Additionally, any number of user-defined databases, potentially
representing diverse business subject areas, could interface with
the liquid content database simultaneously.
[0119] Another feature of the liquid content abstract data design
is the flexibility and extensibility when focused on a single
purpose, to identify a discourse object and classify and store
descriptive facts about the discourse object. Much of the
complexity in business databases is in the complex rules between
discourse objects. This problem is greatly reduced by the
user-defined liquid content data model provided herein.

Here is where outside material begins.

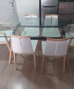 Medidas mesa 160 x 90 x 74 cm, sillas 45 x 45 x 81 cm y sitiales 61 x 58 x 79 cm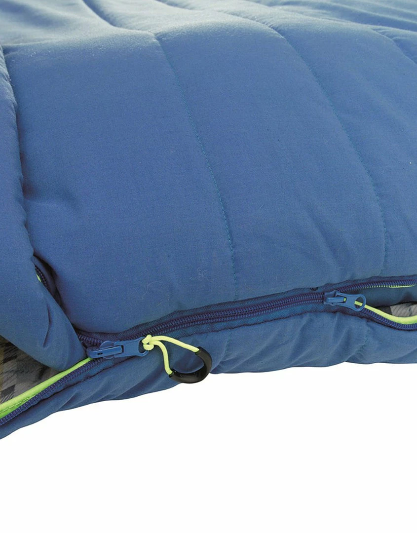 Sleep happy from early spring to late autumn with the Outwell Commodore Double sleeping bag. Extra snuggly thanks to its soft folded over lining, the sleeping bag has lots of insulation to keep you warm in chilly weather. On hotter days, simply unzip the top and bottom to let air flow from top to toe. The loose pillows can be positioned wherever you want making it easier to get comfortable.

[0120] In the embodiments above data structures are implemented to
support rules about: 1) the relationships between product groupings
and products, 2) relationships between product promotions and
products, 3) and flavors of products including individual products
and packages (via Product Type), etc. However, the liquid content
abstract data design can provide a mechanism for defining simple
relationships between types of discourse objects for descriptive
content purposes only (Related Object Relationship). The method can
assume that user-defined databases external to the main database
will have full responsibility for managing complex inter-discourse
object business rules.
[0121] In an explicit data architecture, a great deal of
information and meaning can be embedded in data names, making data
inaccessible and requiring data to be buried in application code or
replicated as hard coded labels on input screens or outputs. For
example, in the explicit data design above, "Feature" (a Concept
type) and "Product" (a Discourse Object type) are table names, and
"Function_Description" and "Benefit_Description" are names of
columns (Properties) in the "Feature" table. However, in the
abstract data design of FIG. 8A-8J these are all facts that are
implemented as rows in abstract tables and are therefore accessible
as data. As such, they are data elements that can be displayed in
pull-down lists or as dynamic labels, significantly enhancing the
robustness and simplifying the application layer required to
implement the system and method.
[0122] There are real-world facts that often naturally appear as
descriptive content components themselves in assembled outputs. For
example, section or paragraph headings can be considered as real
world facts. Furthermore, other meta-data facts, such as data
element lengths and data types (e.g. in the illustration Benefit
Description is alphanumeric and 350 characters long), and
relationship cardinalities are all accessible as data facts that
can be used by the generalized and dynamic application design
provided herein.
[0123] A feature of the present disclosure is to allow descriptive
facts about discourse objects to be qualified based upon audience
and other contextual characteristics (such as language), without
altering the fundamental meaning of the content produced. For
example, using the "Product" example, the nature of a comprehensive
description for a particular product might be very different for a
highly technically sophisticated audience versus a relatively
unsophisticated general audience, both in terms of the quantity of
the information presented and the tone with which it is written. On
the other hand, while the overall structure of the message being
presented as descriptive content may not vary, the different
languages (e.g. English vs. Spanish vs. Italian) can provide a
radically different format.
[0124] Assuming that there are 300 data elements, this equates to
600 data elements just to represent a single differentiating
audience factor. The structural size of the database would double,
while pushing knowledge about the data factor out into the
application code.
[0125] Adding additional factors of the same type (e.g. German)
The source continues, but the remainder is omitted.